Open SourceR85 opened 1 month ago
enospc from no match of right hand value {error,enospc}
indicates we're probably running out of disk space [1]
It should be a more friendly message in the log, but at least first sight that's what's jumping out.
enospc from
no match of right hand value {error,enospc}
indicates we're probably running out of disk space
~That's not a problem...~ I have 799.7 GB of 2TB free (the DB I replicate is 86.1GB)
Is there any chance view directory is configured to write another disk or the disks may fail to mount and it ends up writting to the root file system. enospc
is usually a transparent passthrough error from the FS layer.
The first instance in the logs seem to come from writting an attachments:
gen,do_call,4,[{file,"gen.erl"},{line,237}]},{gen_server,call,3,[{file,"gen_server.erl"},{line,381}]},
{couch_att,write_streamed_attachment,3,
Is there a way to reconfigure the data directory or point it to another volume? Or tests if you can write to it manually?
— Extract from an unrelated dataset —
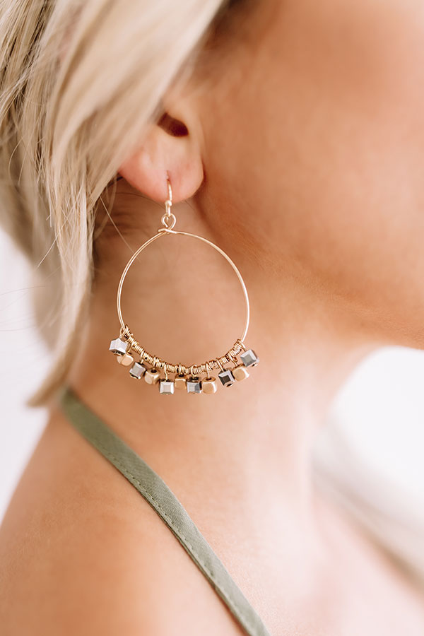 You will undoubtedly be on the VIP list when you wear these golden earrings featuring skinny hoops decorated with square gold and platinum charms!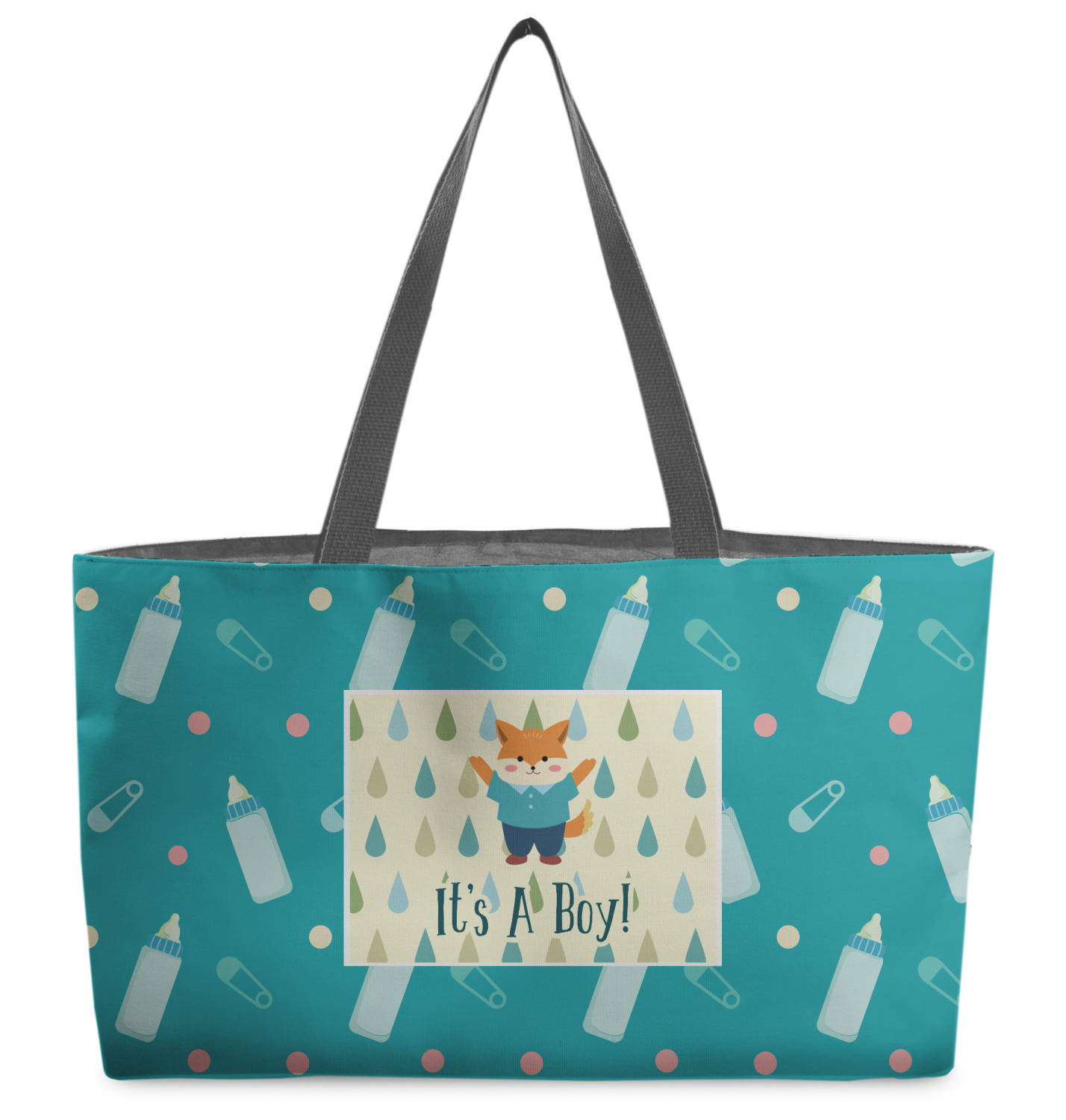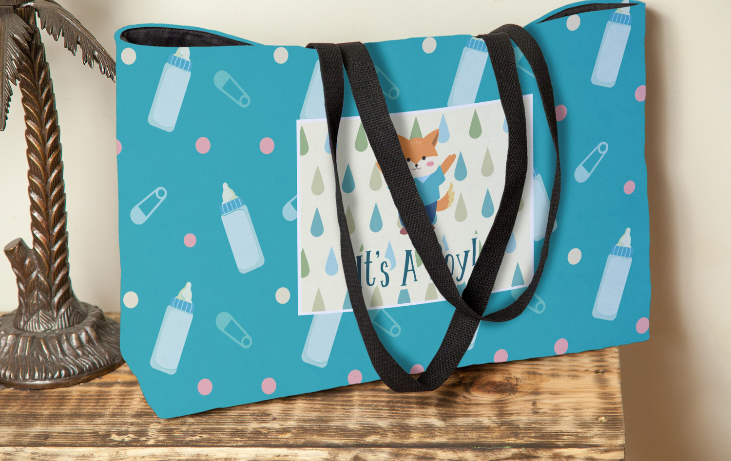 These beach totes are handmade here in the USA. Fabric is printed with your design. The tote is then sewn from the fabric pieces, lining and handles added.

Verify that indeed the data directory is pointing the mounted large volume, sometimes misconfigurations happen and I've seen writes going to another directory than the indentded one.
As you expect: the docker volume got stuck...
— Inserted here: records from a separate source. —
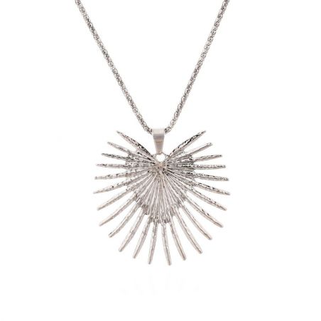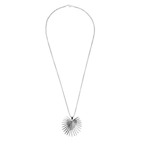 La collection Prestige se distingue par son audace, célébrant le volume, le faste et le luxe dans des créations uniques et inoubliables. Ce somptueux sautoir argenté incarne parfaitement cet esprit, avec son pendentif en forme d'étoile solaire, un motif rayonnant qui attire tous les regards. Une pièce iconique, pleine de panache et de raffinement, à porter fièrement pour affirmer votre style, en toute occasion.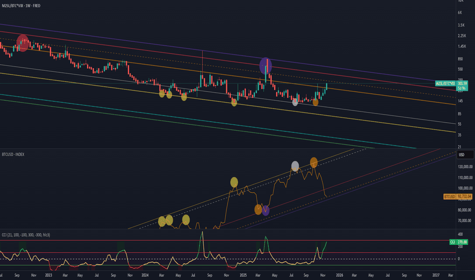It shows the ratio of global liquidity (M2) to Bitcoin’s market capitalization, amplified by market fear (VIX), relative to BTCUSD. Thanks to this formula, we have an understanding of which phase of the market we are currently in. In this case the CCI indicator shows: overbought conditions — meaning money is outside the market and oversold conditions — meaning there is too much money in the market and it’s time to sell FRED:M2SL/CRYPTOCAP:BTC*TVC:VIX For some reason the Bitcoin chart isn’t displaying with all the markings, so I’ll attach a screenshot below.... Read more -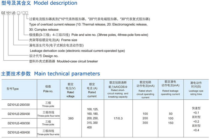 DZ101LE系列漏電斷路器是由DZ10塑料外殼式斷路器派生而成,具備斷路器功能外,為了防止人身觸電及線路漏電,在斷路器上加裝漏電脫扣器,設計成具有過載、短路、漏電:種保護為一體的產品。該產品是目前大容量線路器中較為理想的漏電保護電器。并符合IEC75-92、IE947.2國際標準及GB6829-95、CB14048.2-94國家標準。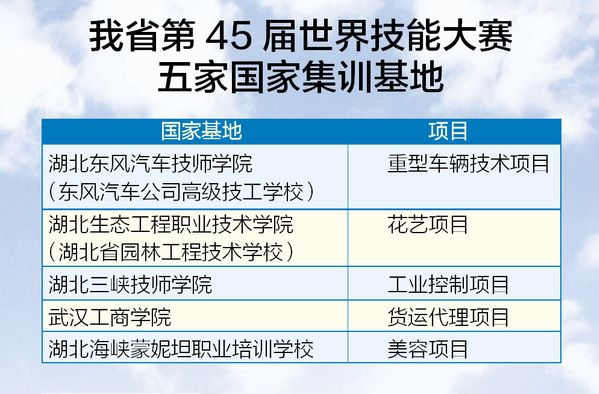 2018年4月,结合选手的竞赛成绩,省人社厅决定在该校设立世赛货运代理项目湖北省集训基地。如今,作为世赛货运代理项目国家集训基地,武汉工商学院欢迎各兄弟院校来参加培训,“希望更多本科院校加入,广泛参与,才是世界技能大赛的核心。”世赛货运代理项目中国集训基地专家组长周建亚说。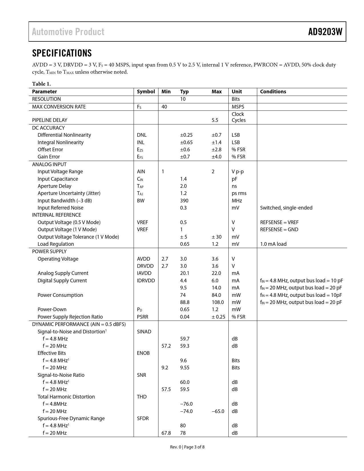 Automotive Product AD9203W SPECIFICATIONS Table 1 Parameter Symbol Min Typ Max Unit Conditions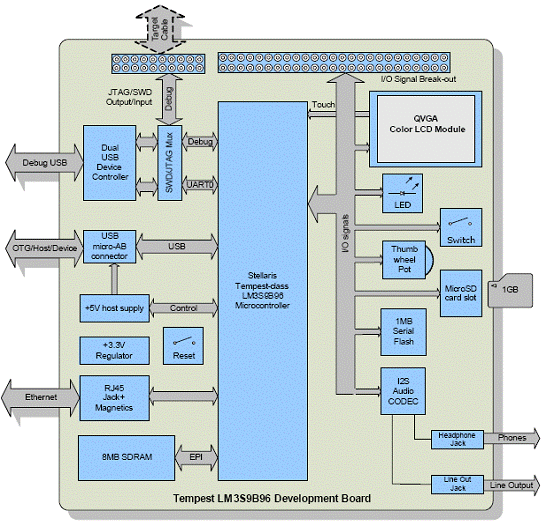 The LM3S9B96 is a member of the Stellaris Tempest-class microcontroller family. Tempest-class devices include capabilities such as 80 MHz clock speeds, an External Peripheral Interface (EPI) and Audio I2S interfaces. In addition to new hardware to support these features, the DK-LM3S9B96 board includes a rich set of peripherals found on other Stellaris boards.

Can't write content into data (just touch file
works)
This is my docker deployment (secrets removed) couchdb.tar.gz There's nothing fancy in it, as far as I can say...
Can't write content into data (just touch file works)
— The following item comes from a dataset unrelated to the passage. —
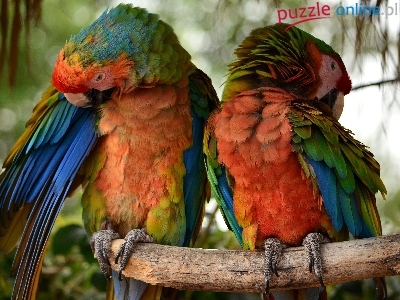 Puzzle Kolorowe, Gałąź, Dwie, Papugi

That would explain it, I think. Good find. It's sneaky that touch
works though.
Just for curiosity, I stopped the container, rm & created couchdb-data and started the replication again: same result...
[notice] 2024-09-30T16:14:19.553744Z nonode@nohost <0.14636.101> -------- Retrying POST request to http://localhost:5984/hzd/_bulk_docs in 4.0 seconds due to error {code,500}
[error] 2024-09-30T16:14:19.574327Z nonode@nohost <0.16657.101> d5dfe20e02 rexi_server: from: nonode@nohost(<0.19120.101>) mfa: fabric_rpc:update_docs/3 exit:{{badmatch,{error,enospc}},[{couch_bt_engine,write_doc_body,2,[{file,"src/couch_bt_engine.erl"},{line,439}]},{couch_db_updater,'-flush_trees/3-fun-0-',6,[{file,"src/couch_db_updater.erl"},{line,384}]},{couch_key_tree,mapfold_simple,4,[{file,"src/couch_key_tree.erl"},{line,464}]},{couch_key_tree,mapfold_simple,4,[{file,"src/couch_key_tree.erl"},{line,473}]},{couch_key_tree,mapfold,3,[{file,"src/couch_key_tree.erl"},{line,457}]},{couch_db_updater,flush_trees,3,[{file,"src/couch_db_updater.erl"},{line,373}]},{couch_db_updater,update_docs_int,4,[{file,"src/couch_db_updater.erl"},{line,718}]},{couch_db_updater,handle_info,2,[{file,"src/couch_db_updater.erl"},{line,183}]}]} [{couch_db,collect_results,3,[{file,"src/couch_db.erl"},{line,1457}]},{couch_db,collect_results_with_metrics,3,[{file,"src/couch_db.erl"},{line,1439}]},{couch_db,write_and_commit,4,[{file,"src/couch_db.erl"},{line,1471}]},{couch_db,update_docs,4,[{file,"src/couch_db.erl"},{line,1333}]},{fabric_rpc,with_db,3,[{file,"src/fabric_rpc.erl"},{line,360}]},{rexi_server,init_p,3,[{file,"src/rexi_server.erl"},{line,141}]}]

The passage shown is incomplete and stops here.